Write out the data word for word, taking care that no picture is carried over.

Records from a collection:
=== Section Start ===

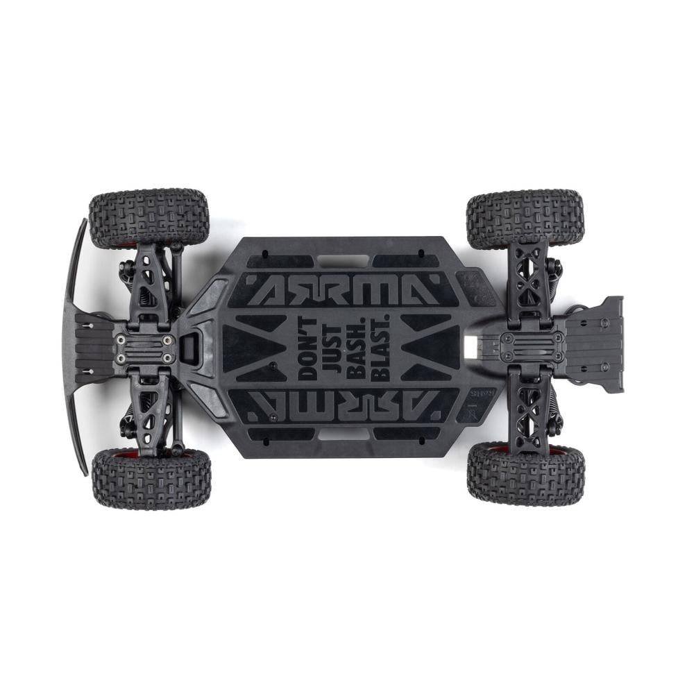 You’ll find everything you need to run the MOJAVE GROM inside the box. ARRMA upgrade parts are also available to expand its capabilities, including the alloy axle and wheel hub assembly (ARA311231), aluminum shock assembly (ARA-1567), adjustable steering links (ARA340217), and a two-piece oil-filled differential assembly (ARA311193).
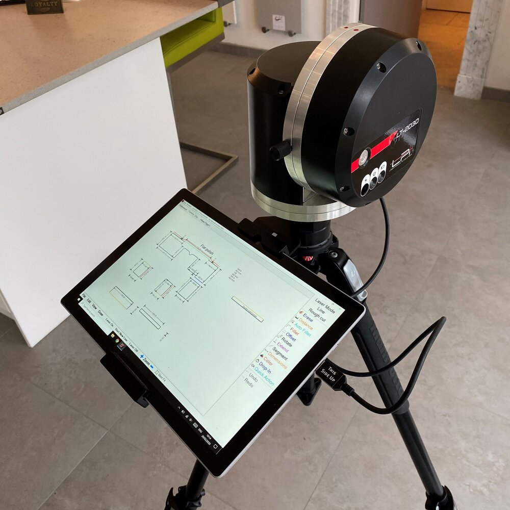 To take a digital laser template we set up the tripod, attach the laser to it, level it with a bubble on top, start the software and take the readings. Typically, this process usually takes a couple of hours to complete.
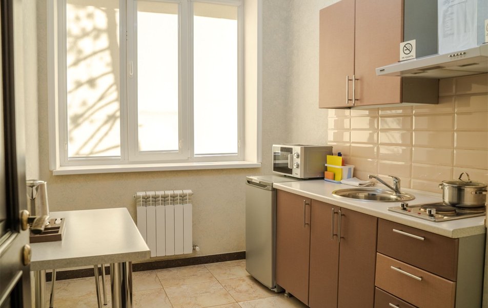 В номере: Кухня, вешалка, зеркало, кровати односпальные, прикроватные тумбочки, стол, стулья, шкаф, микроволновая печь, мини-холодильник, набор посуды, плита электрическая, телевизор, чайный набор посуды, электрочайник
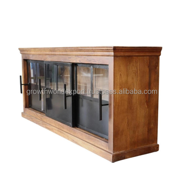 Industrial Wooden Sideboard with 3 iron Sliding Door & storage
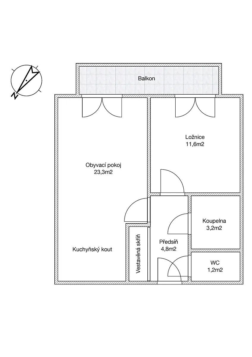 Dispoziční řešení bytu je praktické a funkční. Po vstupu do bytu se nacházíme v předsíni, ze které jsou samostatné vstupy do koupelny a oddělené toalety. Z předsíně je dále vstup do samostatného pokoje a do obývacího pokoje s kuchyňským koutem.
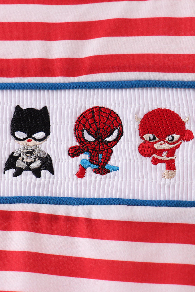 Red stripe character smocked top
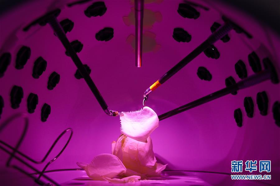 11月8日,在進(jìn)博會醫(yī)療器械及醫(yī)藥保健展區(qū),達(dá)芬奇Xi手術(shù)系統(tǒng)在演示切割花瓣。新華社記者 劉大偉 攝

=== Section End ===

RESULT BELOW:
 You’ll find everything you need to run the MOJAVE GROM inside the box. ARRMA upgrade parts are also available to expand its capabilities, including the alloy axle and wheel hub assembly (ARA311231), aluminum shock assembly (ARA-1567), adjustable steering links (ARA340217), and a two-piece oil-filled differential assembly (ARA311193).
 To take a digital laser template we set up the tripod, attach the laser to it, level it with a bubble on top, start the software and take the readings. Typically, this process usually takes a couple of hours to complete.
 В номере: Кухня, вешалка, зеркало, кровати односпальные, прикроватные тумбочки, стол, стулья, шкаф, микроволновая печь, мини-холодильник, набор посуды, плита электрическая, телевизор, чайный набор посуды, электрочайник
 Industrial Wooden Sideboard with 3 iron Sliding Door & storage
 Dispoziční řešení bytu je praktické a funkční. Po vstupu do bytu se nacházíme v předsíni, ze které jsou samostatné vstupy do koupelny a oddělené toalety. Z předsíně je dále vstup do samostatného pokoje a do obývacího pokoje s kuchyňským koutem.
 Red stripe character smocked top
 11月8日,在進(jìn)博會醫(yī)療器械及醫(yī)藥保健展區(qū),達(dá)芬奇Xi手術(shù)系統(tǒng)在演示切割花瓣。新華社記者 劉大偉 攝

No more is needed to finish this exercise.